Shared signatures of alcohol-associated dysbiosis in humans and non-human primates

Alcohol use disorder (AUD) is a chronic brain disease with limited therapeutic options. Increasing evidence suggests that the gut microbiome contributes to AUD via the microbiome–gut–brain axis. Here, we conducted a cross-species investigation of gut microbiota alterations in patients with clinically diagnosed AUD and in non-human primates (NHPs) subjected to long-term alcohol (ethanol) self-administration, using metagenomic sequencing.
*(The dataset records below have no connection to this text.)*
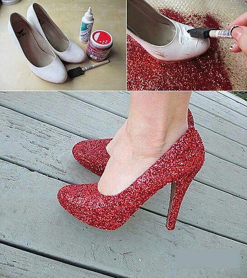 何の変哲もないホワイトパンプスがゴージャスなレッドグリッターに早変わり!
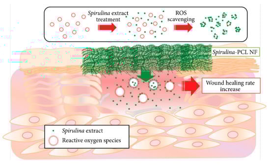 More recently a Korean research team absorbed Spirulina in an engineered-tissue, to evaluate its wound healing potential [40,41]. They selected nanofibers of polycaprolactone (PCL) as a supporting material suitable for tissue regeneration. PCL, which is an FDA-approved polymer, is also biocompatible, biodegradable and known to favor the oxygen absorptivity, the drainage capability and the water evaporative control, which are critical factors for the skin regeneration. In a study, Spirulina aqueous extract was absorbed on the nanomaterial and the wound regeneration was evaluated using an in vivo wound model [40]. In this specific regard and from a bioethical view, we contest such use of an animal for analysis in the cosmetic field and we strongly recommend the stakeholders to find other cruelty free alternatives to perform efficiency tests. In general, Spirulina-PCL helped to regenerate wounds and enhanced skin regeneration, by improving the antioxidant mechanism against the reactive oxygen species (ROS) of fibroblast under oxidative stress (Figure 7). Nevertheless, the developed nanofibers had a restricted capability to moisturize wounded skin because of the hydrophobicity of PCL.
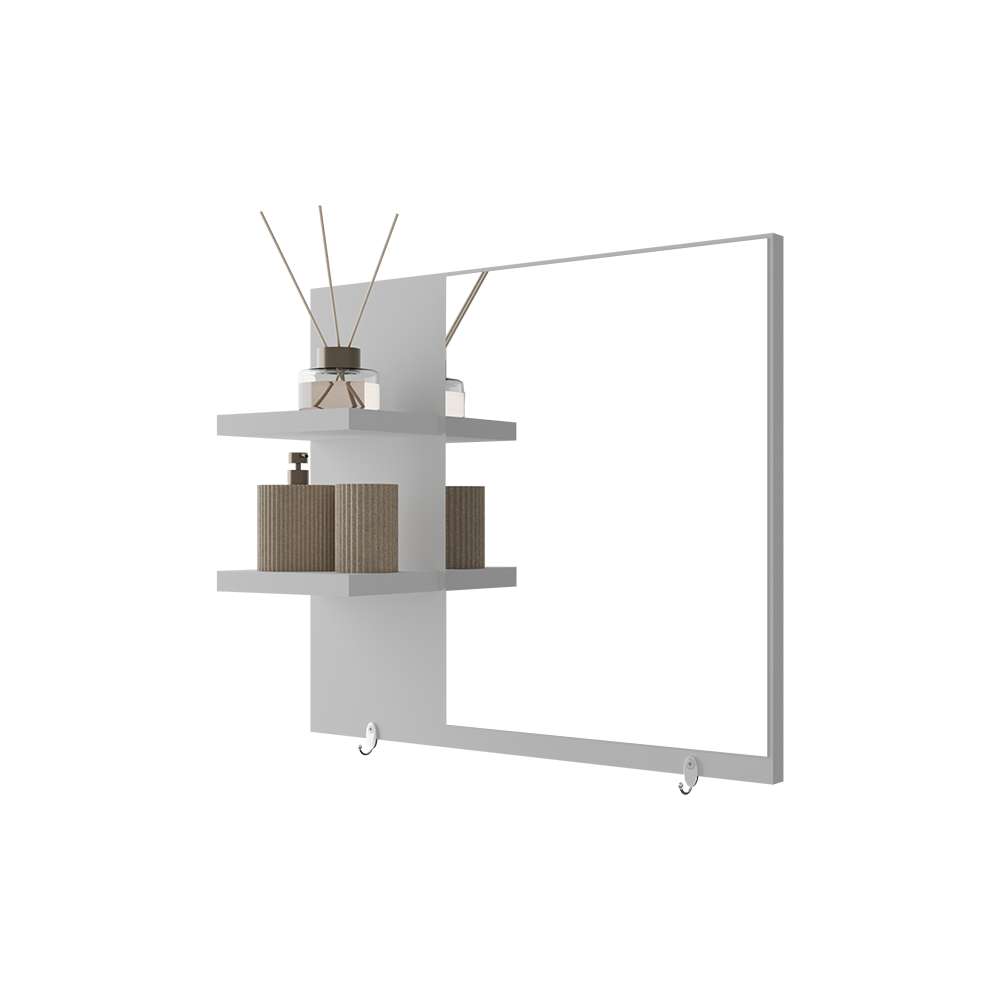 A espelheira Lince possui 2 prateleiras externas para guardar e organizar os itens de higiene pessoal e acessórios do seu banheiro, além de acompanhar um espelho amplo proporcionando um uso prático e agradável.
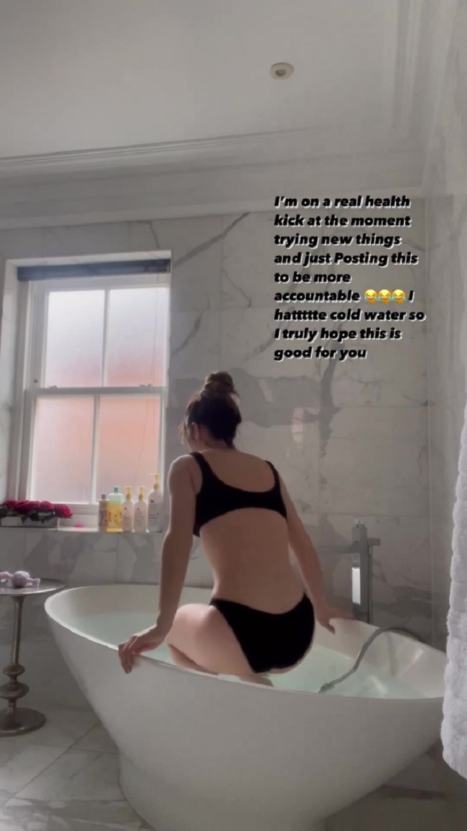 Trong những hình ảnh mới nhất, Catherine tiết lộ thói quen tăng cường sức khỏe bằng cách ngâm mình trong bồn tắm nước đá.

Both cohorts showed reduced microbial diversity and conserved dysbiosis, with consistent depletion of Verrucomicrobia, Actinobacteria, Faecalibacterium, Akkermansia, Intestinibacter, Phascolarctobacterium, and Ruminococcus, alongside increased Blautia and Coprococcus. These microbial shifts correlated with liver function indices, notably positive associations between Ruminococcus and bilirubin levels in both species, suggesting a potential role in liver injury. Functional analyses revealed conserved microbial adaptations, including upregulated DNA repair pathways, fermentative energy metabolism, and downregulated glutamate/glutamine biosynthesis. Together, these results identify evolutionarily conserved microbial and metabolic alterations linking alcohol consumption, gut dysbiosis, and hepatic dysfunction. Our cross-species evidence highlights the gut microbiome as a potential biomarker and therapeutic target for AUD.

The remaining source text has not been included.